200 students in a school. 58 play football, 40 play basketball and 8 play both.
What is the probability that a student plays basketball but not football?
Use a Venn diagram to show that there are 32 students playing only basketball.
(Did you notice that 110 students do not play either of the 2 sports?)
Prob(only basketball) = 32/200 = 4/25
To find the probability that a student plays basketball but not football, we need to subtract the number of students who play both sports from the total number of students who play basketball.
Total number of students who play basketball = 40
Number of students who play both football and basketball = 8
Therefore, the number of students who play basketball but not football = 40 - 8 = 32.
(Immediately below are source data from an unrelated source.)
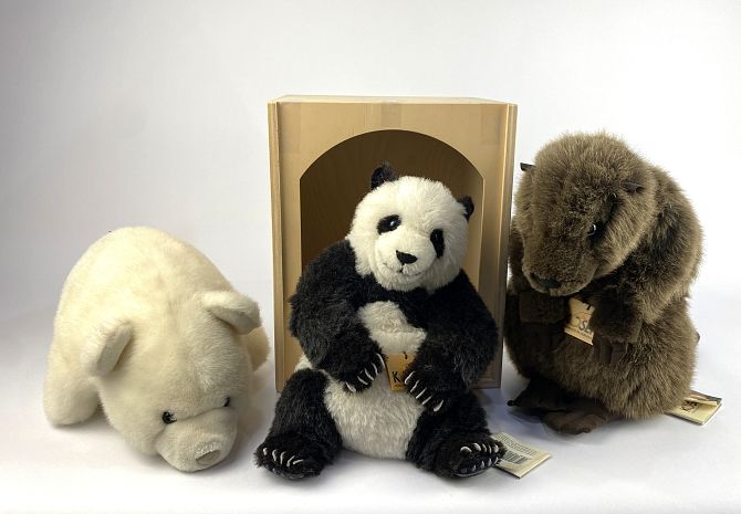 A Gund 'Snuffles' polar bear 35cm long, together with a Kosen panda in wooden crate box, and a Kosen beaver (3)
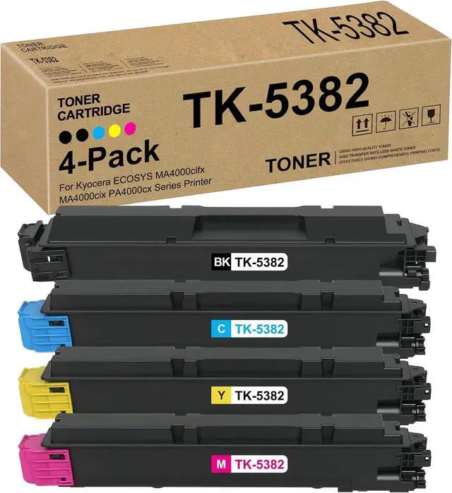 Includes: TK-5382K TK-5382C TK-5382M TK-5382Y Toner Cartridge,4-Pack(Black,Cyan,Magenta,Yellow)
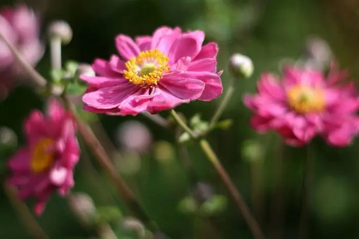 Anemone x hybrida 'Pamina' blüht an hohen, kräftigen Stängeln mit halbdoppelten, dunkelrosa Blüten mit recht flachen Blütenblättern und goldgelben Staubblättern im Herzen.

Probability that a student plays basketball but not football = Number of students who play basketball but not football / Total number of students
Probability = 32 / 200 = 0.16
So, the probability that a student plays basketball but not football is 0.16 or 16%.
To find the probability that a student plays basketball but not football, we need to determine the number of students who play basketball only and divide it by the total number of students.
First, we calculate the number of students who play both basketball and football by subtracting the number of students who play both (8) from the number who play football (58).
58 - 8 = 50 students play football only.
Next, we calculate the number of students who play basketball only by subtracting the number of students who play both (8) from the number who play basketball (40).
40 - 8 = 32 students play basketball only.
Now, we can calculate the probability of a student playing basketball but not football by dividing the number of students who play basketball only (32) by the total number of students (200).
Probability = Number of students playing basketball only / Total number of students
Probability = 32 / 200
Probability = 0.16
Therefore, the probability that a student plays basketball but not football is 0.16 or 16%.